2 Noyes v. Chapin, 6 Wend. 461.
3 Conant v. Little, 1 Pick. (Mass.) 189; Jones v. Brewer, 1 Pick. (Mass.) 314; Baker v. Baker, 4 Greenl. (Me.) 67; Pinkham v. Gear, 3 N. H. 163; Shattuck v. Gragg, 23 Pick. (Mass.) 88; Johnson v. Neil, 4 Ala. 166; Shotwell v. Sedam, 3 Ohio, 5.
4 Boring v. Lemmon, 5 Harr. & J. 223. See, in further explanation of the law of Maryland on this point, Barney v. Patterson, 6 Harr. & J. 182; Fenwick v. Floyd, 1 Harr. & G. 172; Remington v. Linthicum, 14 Pet. (U. S.) 84.
1 Simonds v. Catlin, 2 Caines (N. Y.) 61; Attorney-General v;. Day, 1 Ves. Sr. 218; Hughes v. Jones, 9 Mees. & W. 372.

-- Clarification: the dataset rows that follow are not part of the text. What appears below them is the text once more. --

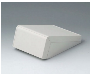
B4054107 UNITEC S, 0,6/0,6 ABS (UL 94 HB) grauweiß RAL 9002 125x177x69mm IP 40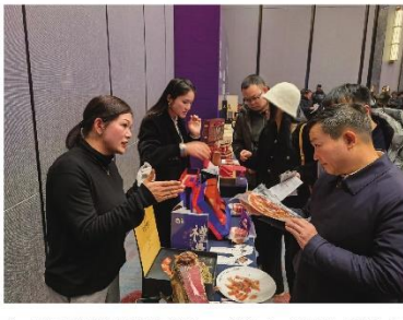
参赛选手在大赛现场展示他们的创意作品,并接受评委和观众的点评。现场气氛热烈,大家对作品的创意和实用性都给予了高度评价。

六盘水首届伴手礼创意设计征集大赛,在六盘水市委、市政府的高度重视和大力支持下,顺利完成了各项赛事工作。大赛期间,组委会组织了多场线上线下交流活动,促进了参赛选手之间的交流和学习。 此次大赛的举办,不仅是一次设计水平的较量,更是一次对六盘水地域文化的一次深度挖掘和展示。通过大赛,广大设计爱好者对六盘水独特的自然风光、人文历史和民俗风情有了更深入的了解,也为六盘水伴手礼的创意设计提供了丰富的灵感来源。 组委会表示,未来将继续秉承“遇见臻好,凉都有礼”的理念,不断提升大赛的知名度和影响力,为六盘水伴手礼产业的繁荣发展做出更大的贡献。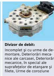
Divizor de debit: Incomplet și cu urme de demontare, Deteriorări mecanice ale carcasei, Deteriorări mecanice, în special ale suprafețelor de etanșare și filete, Urme de coroziune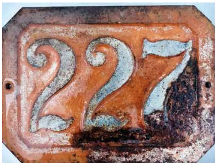
Cerknica 227, današnja Zidanškova 1, Cerknica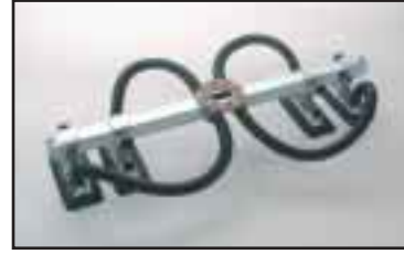
Työkalu jossa neljä säädettävää tarrainta sopii esim. kuperille ja pitkille esineille. Useita eri mitoituksia.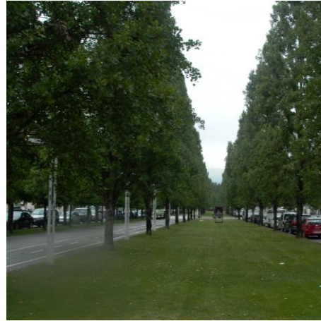
Zona verde Coll Favà.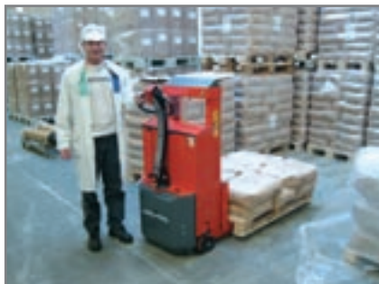
Optimale veiligheid dankzij transparant en schokbestendig veiligheidsscherm en verminderde rijsnelheid.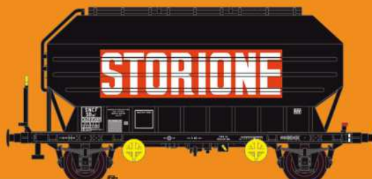
Réf 433024 - Wagon céréaliers à 2 essieux freinés déco Storionne SNCF Ep IV - UIC - 5 numéros possibles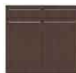
Art. 8020W Base 2 sportelli e 1 cassetto legno cm 90.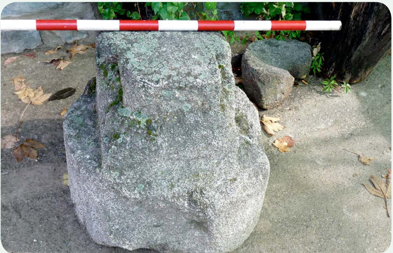
LOCALIZACIÓN ACTUAL (4). Vista de la parte trasera. El miliario sufrió un grave e irreparable daño como consecuencia de su adaptación seguramente para basa de columna, en un momento indeterminado.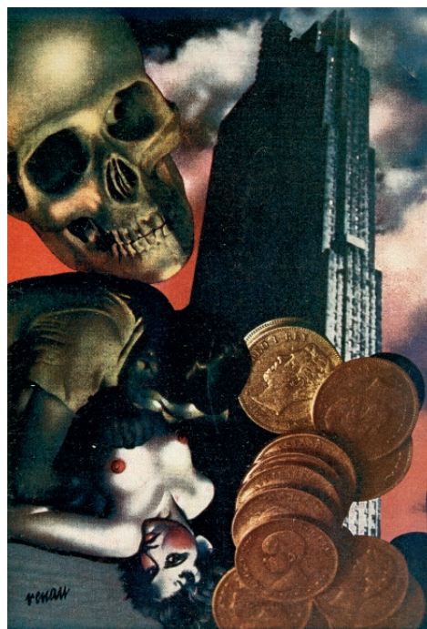
Siglo XX. Amor financiero, 1936. IVAM Institut Valencià d'Art Modern, Generalitat. epósito Fundació Josep Renau, Valencia

Afiliado al Partido Comunista de España en 1931, e influenciado tempranamente por los fotomontajes realizados por Heartfield para las revistas VI y AIZ , Renau abandonará muy pronto la práctica de la pintura de caballete para abordar la realización de una obra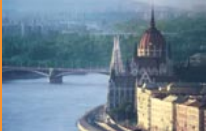
Parlament im Morgenlicht A Parlament napfelkeltekor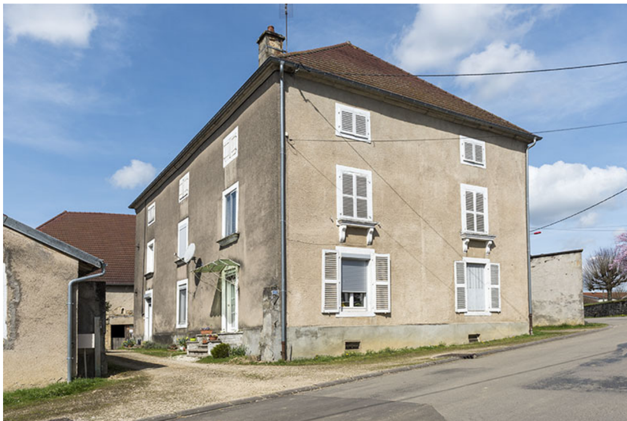
Vue de trois-quart de la maison 21 Grande rue. 70, Betaucourt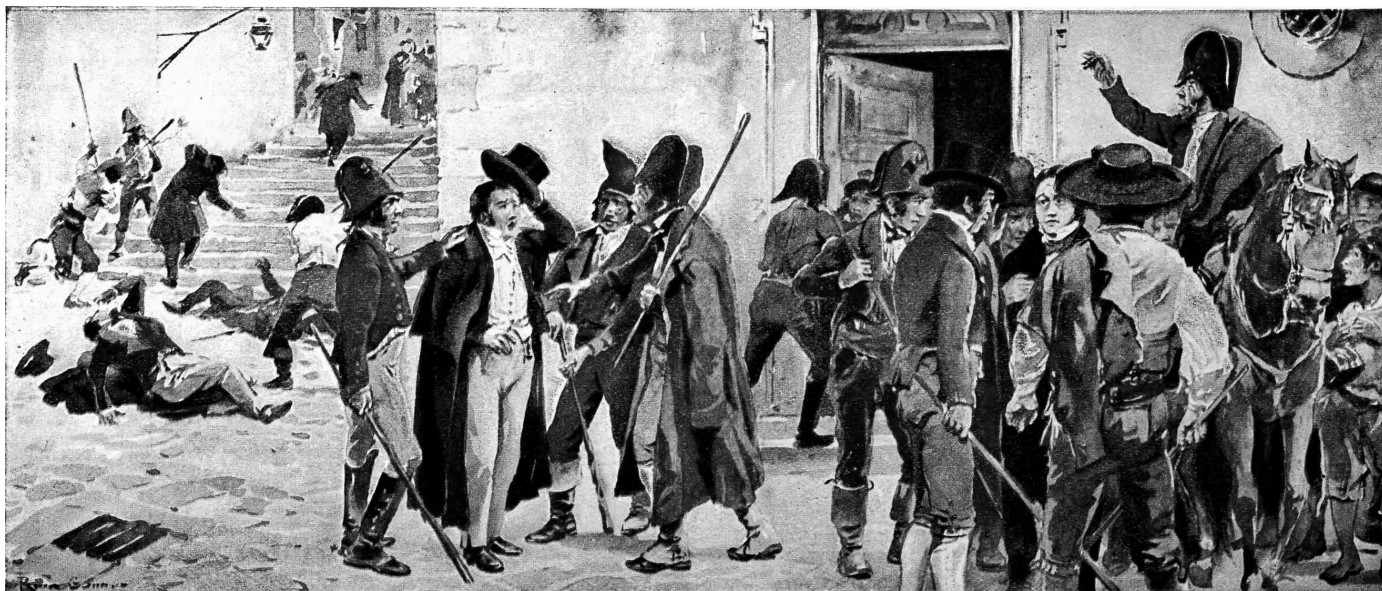
Os caceiteiros miguelistas, representação artística das perseguições populares numa brilhante aguarela do pintor Roque Gameiro.

seus vassallos será sacrificada à vontade do povo. Temos Leis existentes que nos devem dirigir, mas o Povo as posterga. Eis aqui o estado em que se acha a maior parte deste Reino». 27

2 Tate v. Greenlee, 4 Dev. 149.
3 Simonds v. Catlin, and Tate v. Greenlee, supra; Catlin v. Jackson, 8 Johns. (N. Y.) 520; Jackson v. Bull, 2 Caines (N. Y.) Cas. 301; Robinson v. Garth, 6 Ala. 204; Ennis v. Waller, 3 Black. (Ind.) 472; Evans v. Ashley, 8 Mo. 177; Alexander v. Merry, 9 Mo. 510. Contra, Watson v. Violett, 2 Duv. (Ky.) 332.
4 Gratz v. Gratz, 4 Rawle (Pa.) 411; Stark v. Cannady, 3 Litt. (Ky.) 399.